- PROBLEM STATEMENT: The lines from the top of the material below through the line containing "2 Mel Cola Trihair" are to be printed exactly, with pictures omitted.

----- SOURCE INFORMATION

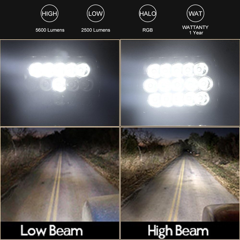 أكثر إشراقًا ورائعة: تحتوي المصابيح الأمامية LED 5x7 RGB على شريحة LED ساطعة مدمجة مع درجة حرارة لون 80 وات و6000 كلفن. تحتوي المصابيح الأمامية على خيارات الشعاع العالي والمنخفض، مع 15 شريحة LED عند تشغيل الضوء العالي و6 شرائح LED عند تشغيل الضوء المنخفض. بالإضافة إلى ذلك، فإن ميزة تغيير اللون تمنح سيارتك مظهرًا عصريًا.
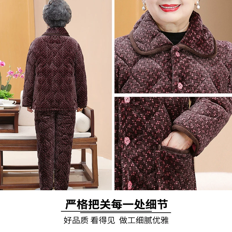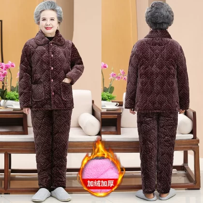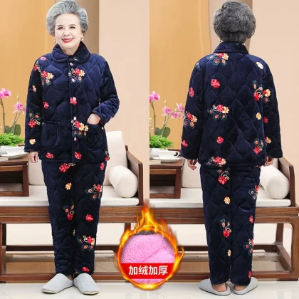 | nameOriginal | Middle-aged and elderly autumn and winter clothing plus velvet quilted pajamas set grandma thickened home cotton clothing mother cotton coat jacket women |
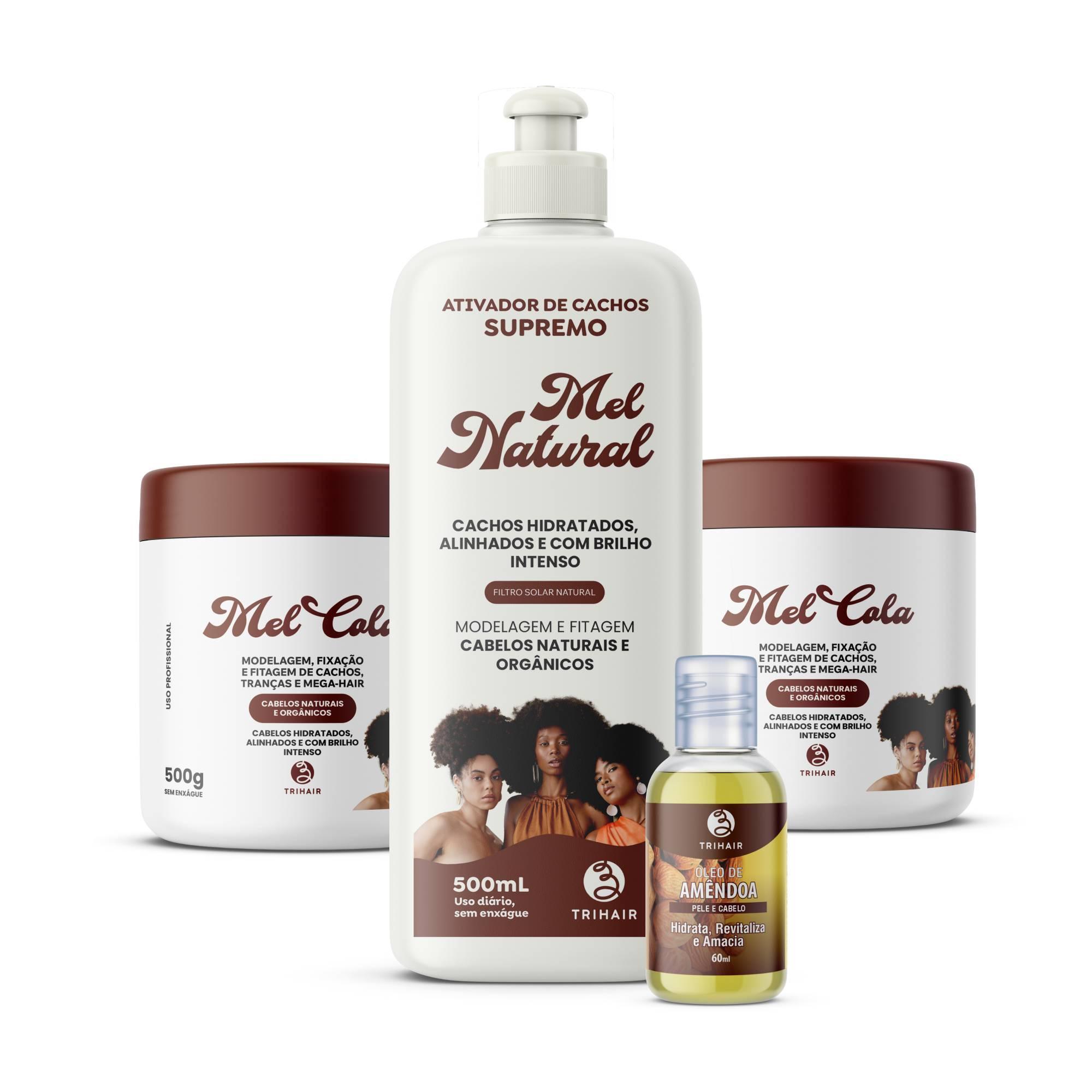 2 Mel Cola Trihair - 500g + Ativador Mel Natural + Óleo Capilar Amendoa
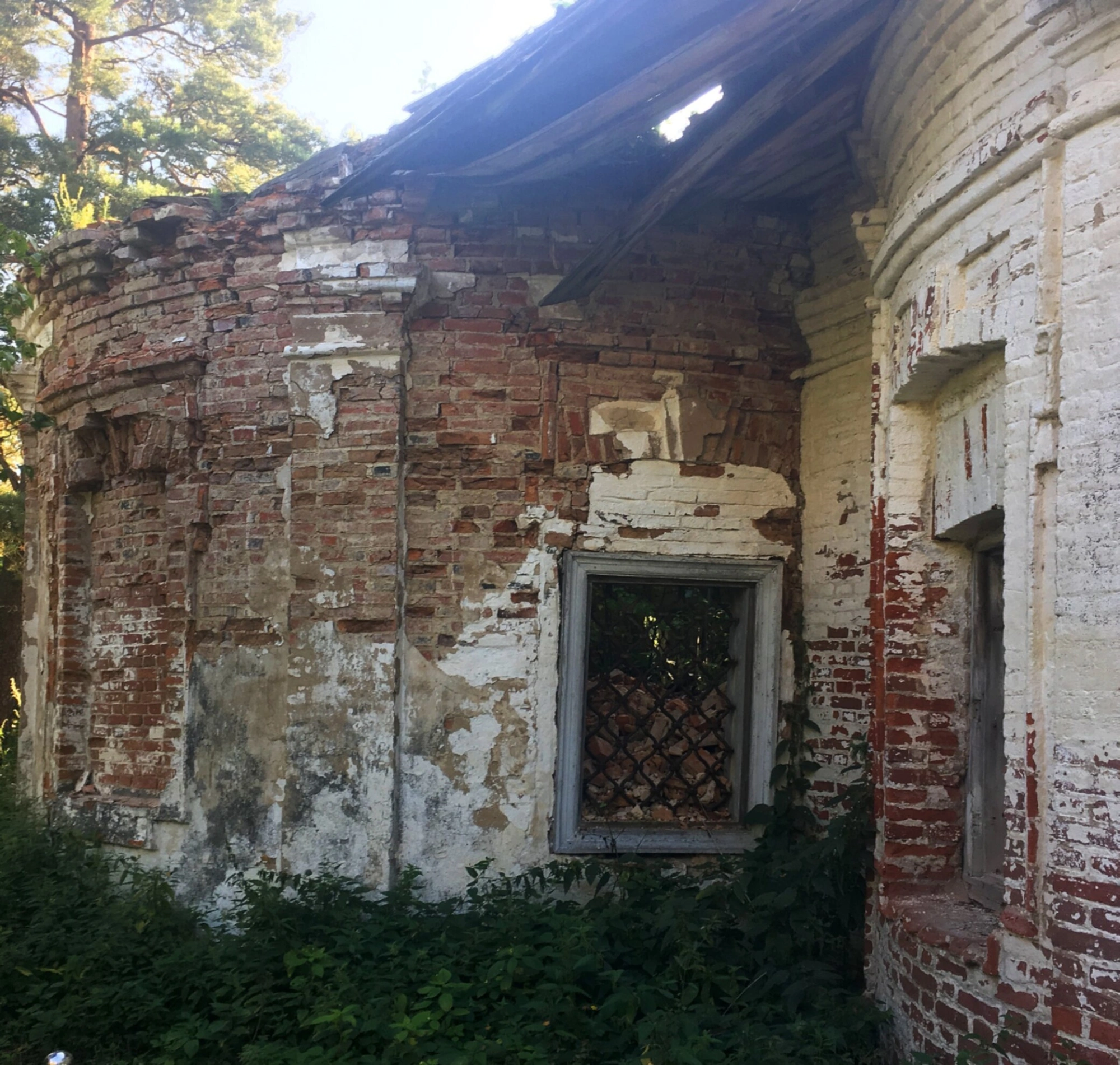 Судя по сохранившимся фрагментам, сооружение было возведено из кирпича и оштукатурено. Несмотря на сильные разрушения, на фасаде угадываются черты традиционной церковной архитектуры. Чётко просматриваются очертания оконных проёмов, один из которых сохранил кованую решётку, напоминающую о прошлой целостности и предназначении этого места. Крыша и части стен практически полностью обрушены, открывая взору небо там, где когда-то своды храма были увенчаны куполами.
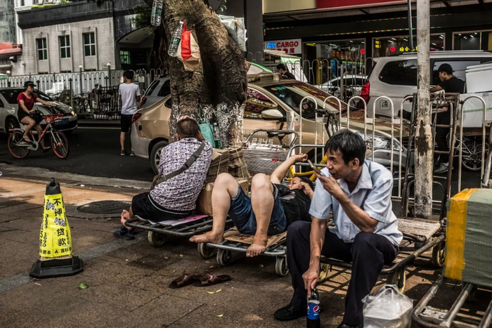没有生意的时候,郝红梅和同乡们躲在树荫里,靠在小推车上,打扑克、聊家长里短,或者看着来往的行人发呆。对于女搬运工,偶尔有人会投来略带惊诧与同情的目光,但随即收回。这是来自另一个世界的片刻理解与温存。
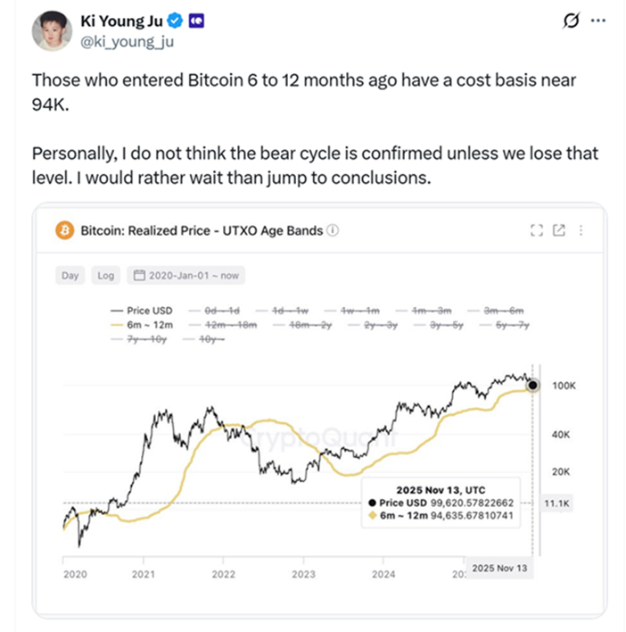 CryptoQuant Ки Ен Джу сообщил, что средняя стоимость покупки тех, кто приобрел биткоин (BTC) в течение 6–12 месяцев назад составляет ~$94 000.
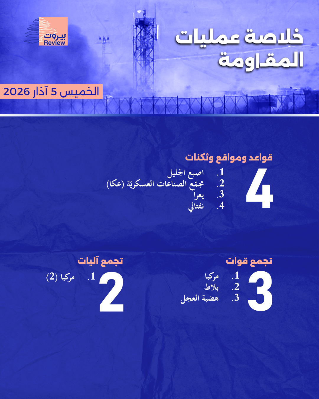 خلاصة عمليات المقاومة "الخميس 5 آذار2026"
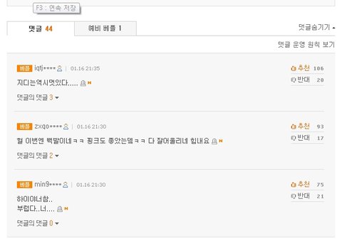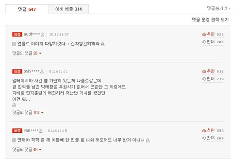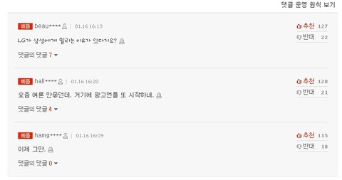 이런 느낌의 글들이 댓글판의 지배적인 분위기.
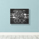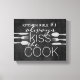 This cute kitchen wrapped canvas quote wall art has white text always kiss the cook on distressed dark charcoal grey shabby chic style. Wall art for kitchen decor.

----------

- FINISHED EXERCISE:
 أكثر إشراقًا ورائعة: تحتوي المصابيح الأمامية LED 5x7 RGB على شريحة LED ساطعة مدمجة مع درجة حرارة لون 80 وات و6000 كلفن. تحتوي المصابيح الأمامية على خيارات الشعاع العالي والمنخفض، مع 15 شريحة LED عند تشغيل الضوء العالي و6 شرائح LED عند تشغيل الضوء المنخفض. بالإضافة إلى ذلك، فإن ميزة تغيير اللون تمنح سيارتك مظهرًا عصريًا.
 | nameOriginal | Middle-aged and elderly autumn and winter clothing plus velvet quilted pajamas set grandma thickened home cotton clothing mother cotton coat jacket women |
 2 Mel Cola Trihair - 500g + Ativador Mel Natural + Óleo Capilar Amendoa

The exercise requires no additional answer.